As it was, all it had taken was a sponsorship form and some gleefully generous friends, who had all agreed to give large amounts to Dean’s charity, the Impala House, if he jumped out of a plane. Dean had tried to convince himself to back away, but the House was getting more and more full up with kids from every walk of life, turning up on their doorstep needing a home. With the sponsorship money, Dean would be able to pay for an extension on the House, and new beds, and extra blankets for the coming winter. Maybe there’d even be enough left to hire a bus and book a hotel somewhere, take the kids on a little holiday. This money would be the best thing that had happened to Dean since he started the Impala House five years ago – he just had to fall eleven thousand feet through the air, first.
It’ll be fine, he thought. Easy-peasy, lemon squeezy.
The plane was juddering slightly in the wind. Dean shut his eyes tight and clenched his hands into fists, making a little whining noise in the back of his throat that he swiftly turned into humming a song when he remembered who was sitting behind him.
He jumped a little as he felt a hand lightly grasp his shoulder, reaching from behind. He opened his eyes and turned his head, looking back at the man behind him.

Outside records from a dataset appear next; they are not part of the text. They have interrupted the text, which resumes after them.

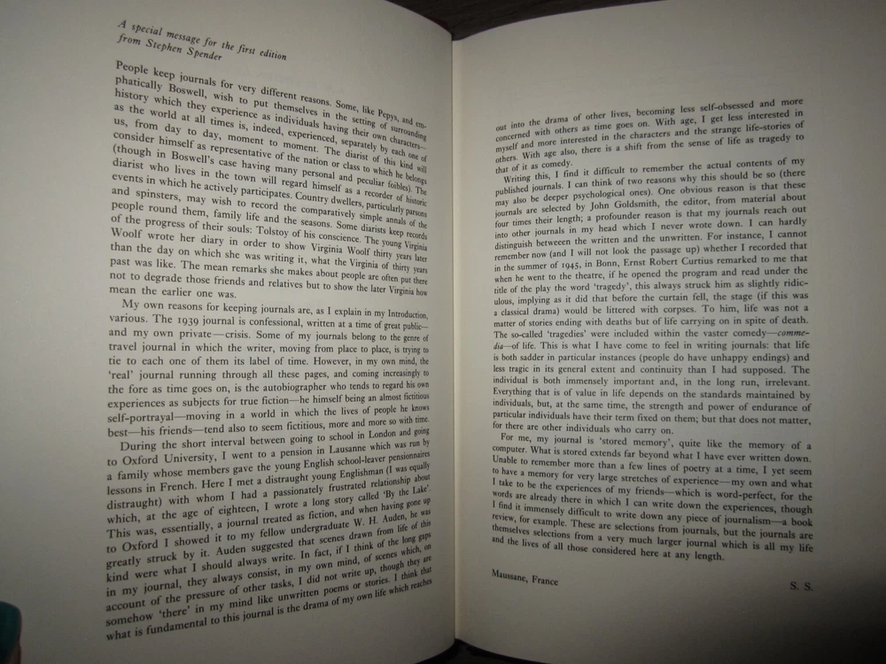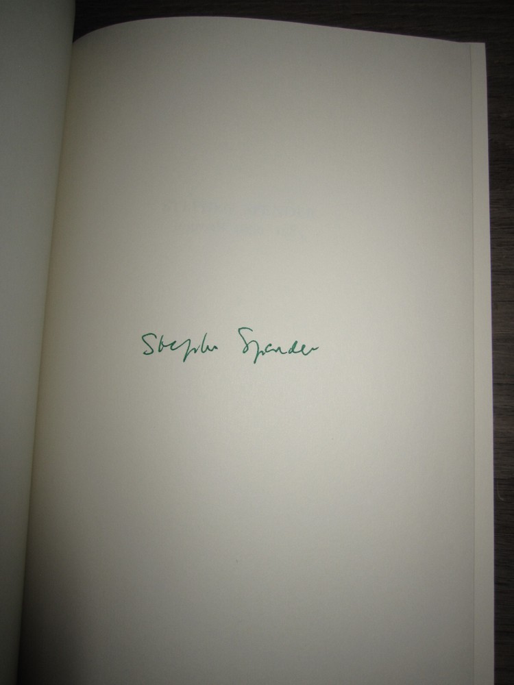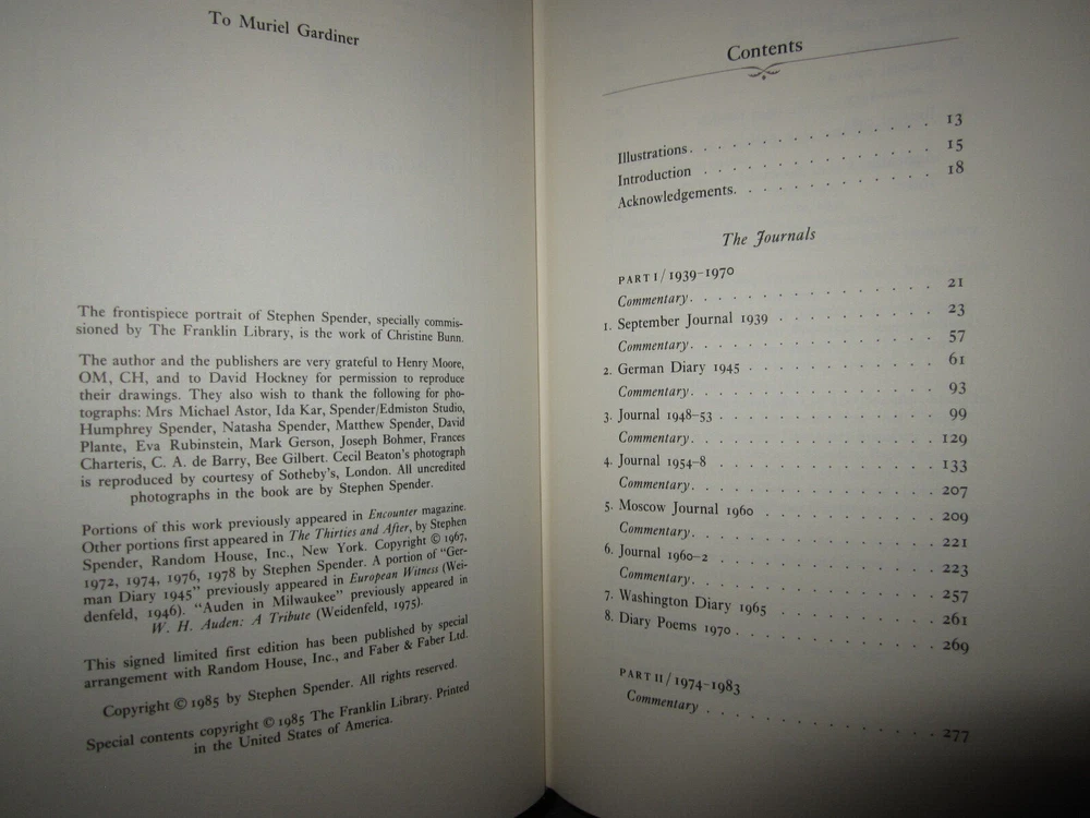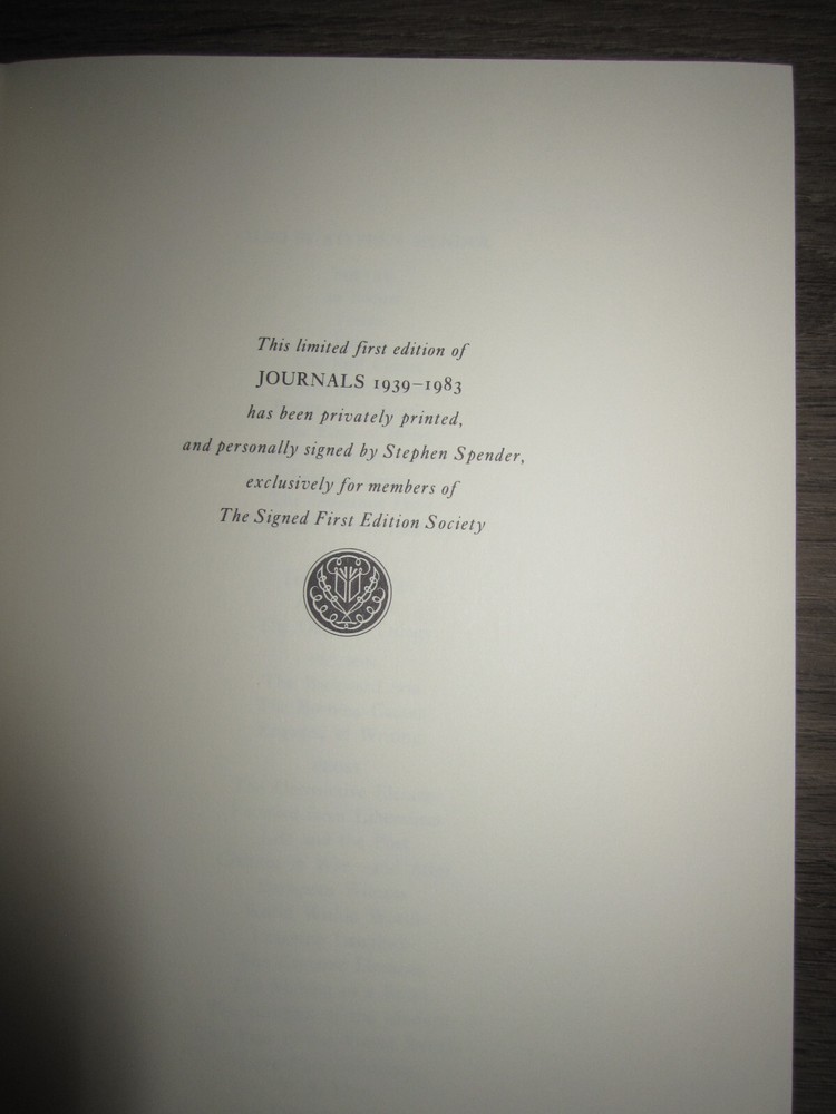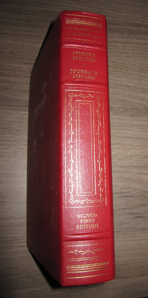Leatherbound book, Stephen Spender, Journals 1939-1983, edited by John Goldsmith, 1985. Published by The Franklin Library. Limited first edition, signed by Spender. Measures 6 1/2" x 9 1/2". Minor wear as shown in photos. Sent to you from my smoke and pet free household in the US. No returns except in cases of incorrect info (I do my best to list all defects clearly, but I do occasionally miss things). Please see my other listings - now with FREE domestic shipping on all items! ***If you would like to pay for expedited shipping, I typically use USPS Priority by default. If you prefer FedEx / UPS, just let me know. Please wait to pay until you receive an updated invoice with the shipping charge.***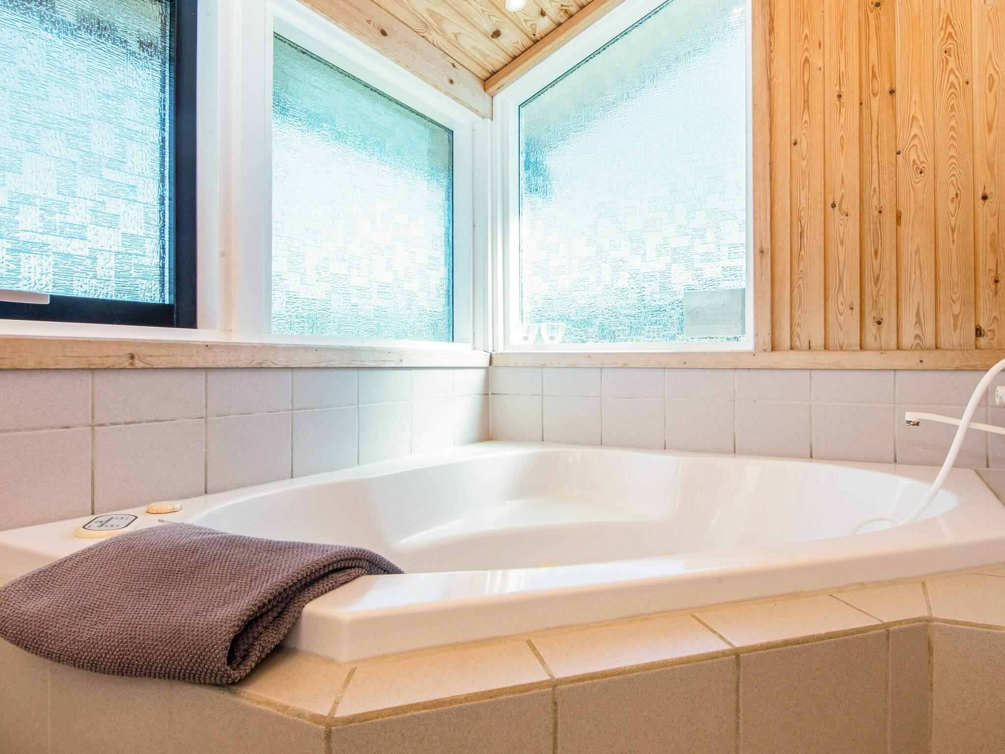 Das helle Badezimmer verfügt über eine Whirlpool-Badewanne für 2 Personen, eine Badewanne, eine Dusche, ein WC und eine Waschmaschine mit Trockner. Außerdem gibt es eine Sauna für 4 Personen.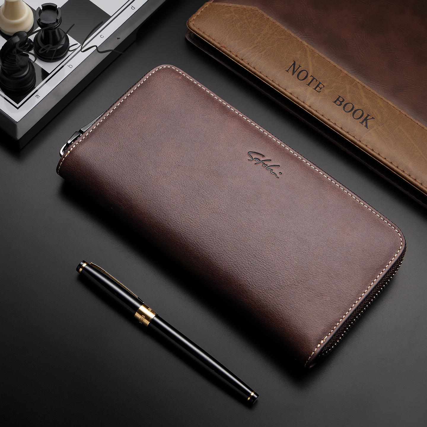 商务手包男真皮大容量高档长款钱包头层牛皮拉链新款多功能手拿包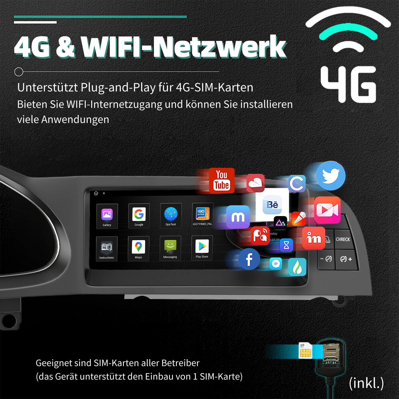 - Built-in 4G und WIFI-Modul für Internet, legen Sie einfach Ihre 4G-SIM-Karte, egal wo Sie fahren, werden Sie den Spaß von Internet-Surfen genießen, machen es möglich, für Online-Navigation / Musik / Film ect.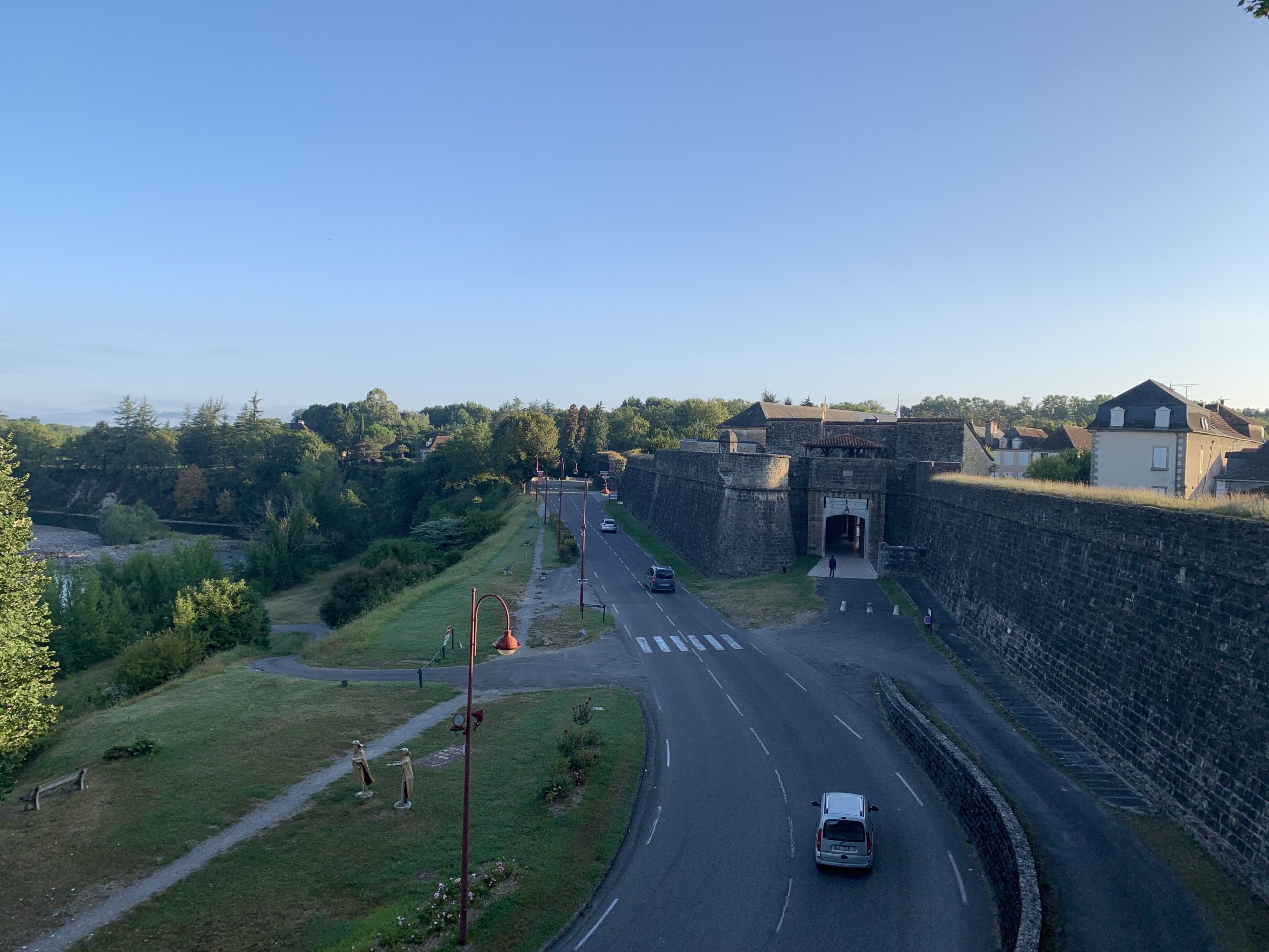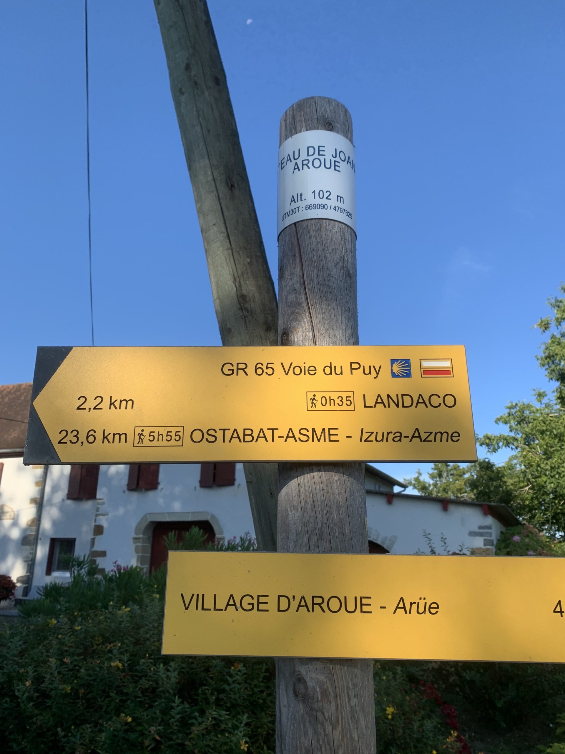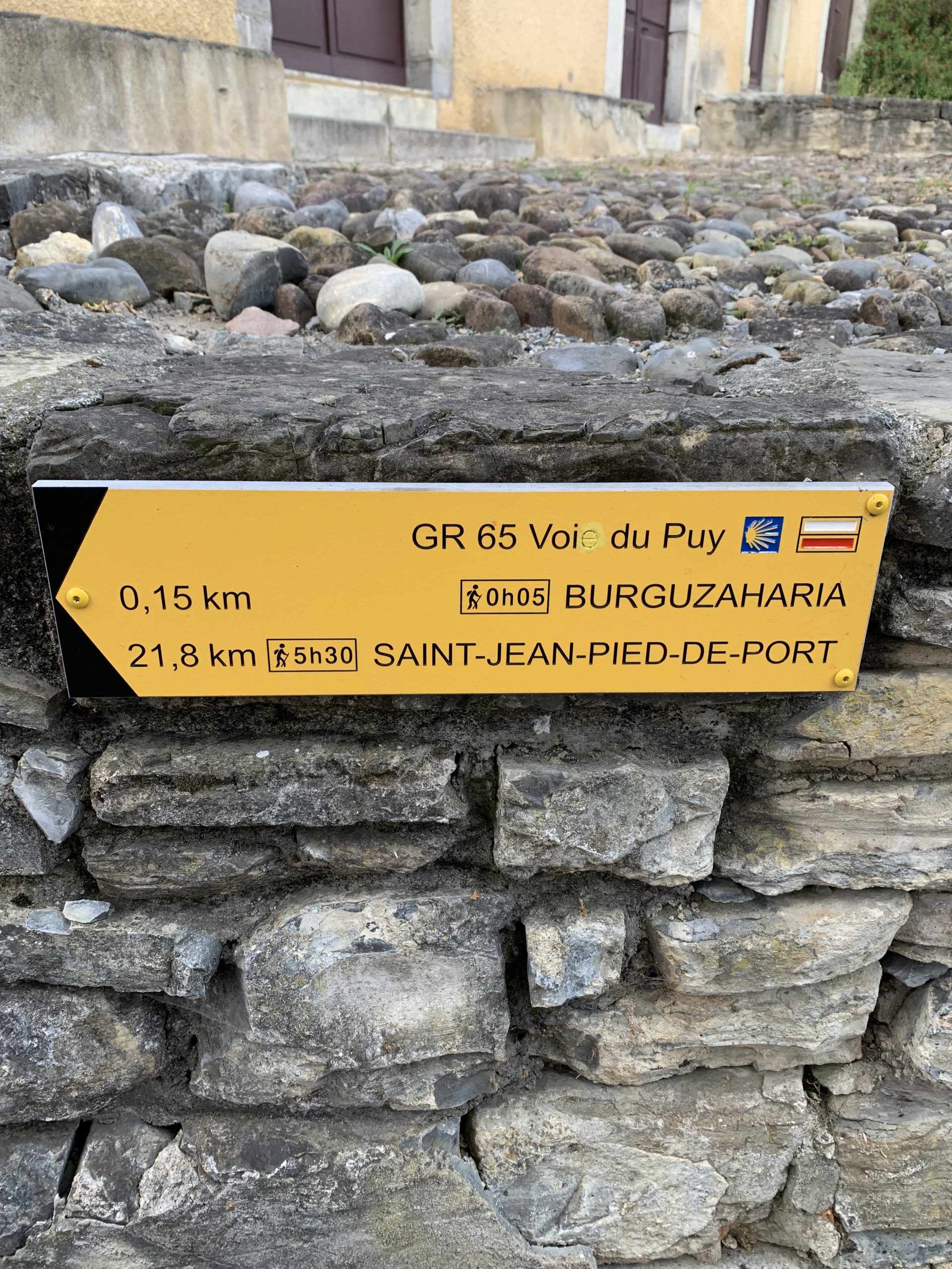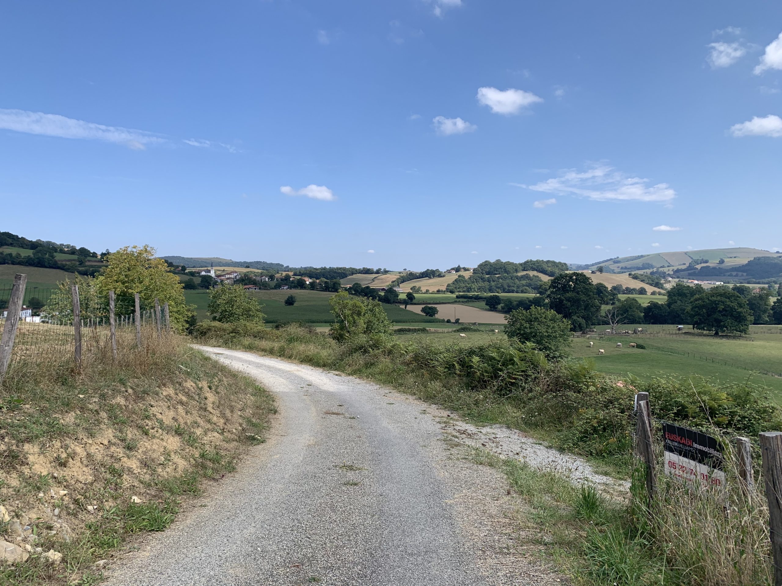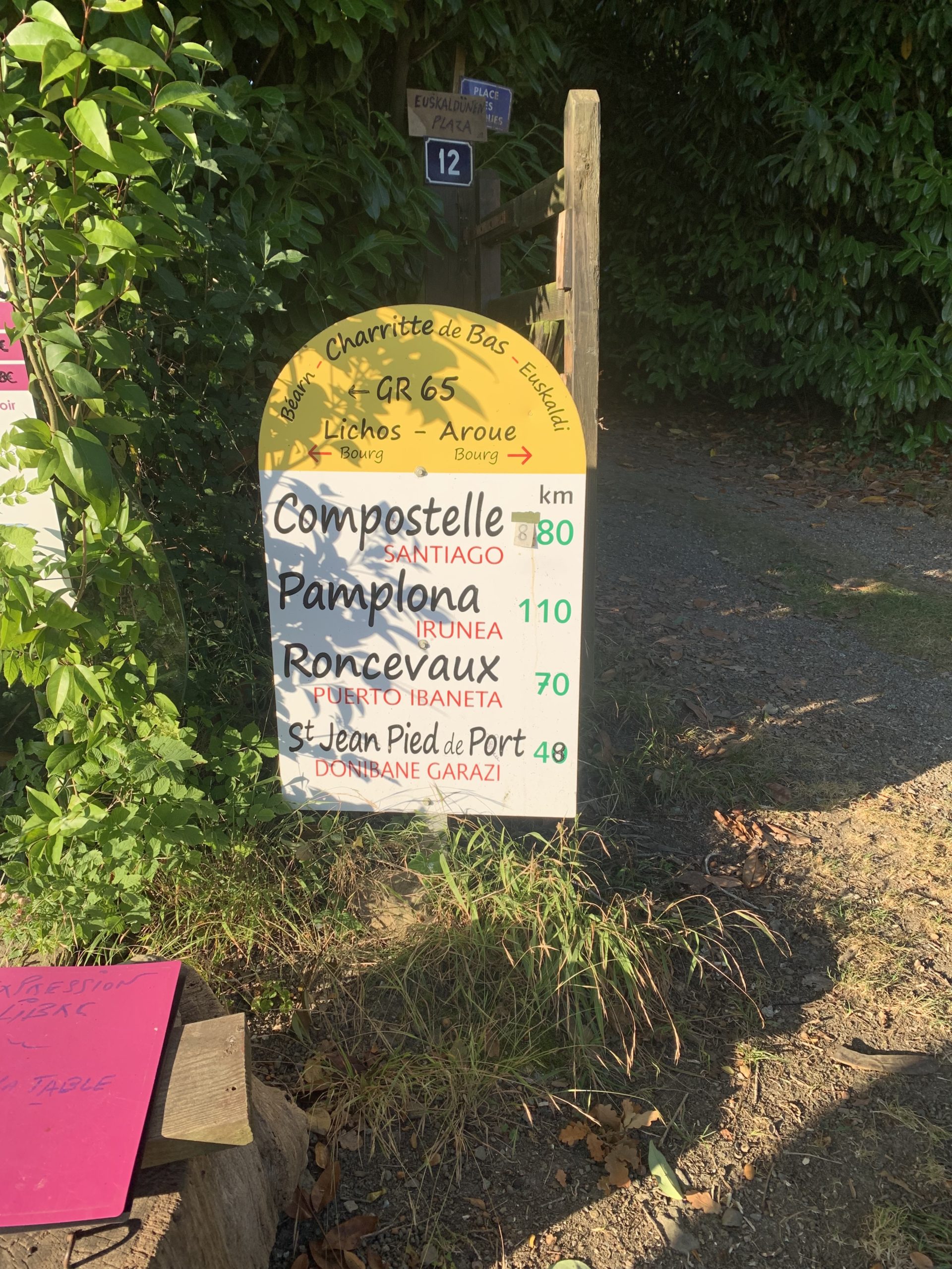 Nous voilà arrivées à la dernière étape de notre périple. Nous avons 19km à parcourir. Après un petit déjeuner copieux dans notre maison d’hôtes au milieu de nulle part. Notre hôte très sympathique nous amène au départ du Gr. Il fait un peu frais mais le ciel est magnifique. La chaîne des Pyrénées se détache au fond. Notre chemin longe une grande route très passante qui mène à St Jean. Mais nous avons les indications pour suivre le Gr. Aujourd’hui nous ne sommes pas toutes seules. Nous suivons ou dépassons d’autres pèlerins . Nous en avons déjà rencontré certains, mais d’autres viennent se joindre au groupe. Le paysage est sublime. Entre les cloches des vaches , les bêlements des moutons nous sommes en pleine nature. Nous voyons aussi deux ânes et des chevaux. Après un arrêt casse croûte, nous nous rapprochons de St Jean. Il y a d’abord St Jean le vieux . Notre but est maintenant à 4km. Les maisons basques toutes blanches aux volets rouges foncés et colombages se font de plus en nombreuses. Nous entrons dans St Jean par la porte St Jacques. Nous voici donc au bout de notre marche. Nous avons parcouru 145km en 8 jours. Nous sommes fières de notre exploit. Demain repos et visite de la ville avant de rentrer sur Paris Jeudi avec des images de paysages plein la tête.

“Are you humming?” asked Castiel, his diving instructor.
“Metallica,” replied Dean, speaking around the lump of nerves in his throat and hearing his voice come out unnaturally high. He was silently grateful that they were the only two people in the plane, and no one else had heard that.
“Ahh, is he scared?” came a voice from behind Castiel, shouting to be heard over the roar of the plane. Dean leaned back and caught sight of the plane’s pilot; from what he could make out of the man’s profile, he was grinning widely.
“Ignore Gabriel,” Castiel said firmly. “It’s normal to be nervous, but it’s going to be perfectly OK.”
“You’re lucky, boy,” Dean heard Gabriel shout. “You’re skydiving with the Angel, you’ve got nothing to worry about.”
“The Angel?” Dean said, and Castiel rolled his eyes.
“It’s what they call me,” he explained. “Because I make a lot of smooth landings.”
“That’s reassuring,” Dean said, trying for a grin. He was pretty sure that it ended up as more of a grimace, but Castiel responded anyway, a little smile curving up the corners of his full lips. For a moment, Dean’s heart forgot that it was racing because he was thousands of feet above the ground, and started racing for quite a different reason. The guy was seriously good-looking, and Dean found himself wishing that he was back on solid ground. In a bar, he’d be smooth-talking this guy all the way to a dinner date. Or at least, blushing and stammering his way through an invitation to a dinner date, which the guy might possibly accept. Maybe. Probably not.
Perhaps it was a good thing that Dean’s mouth was too dry to do much talking, after all.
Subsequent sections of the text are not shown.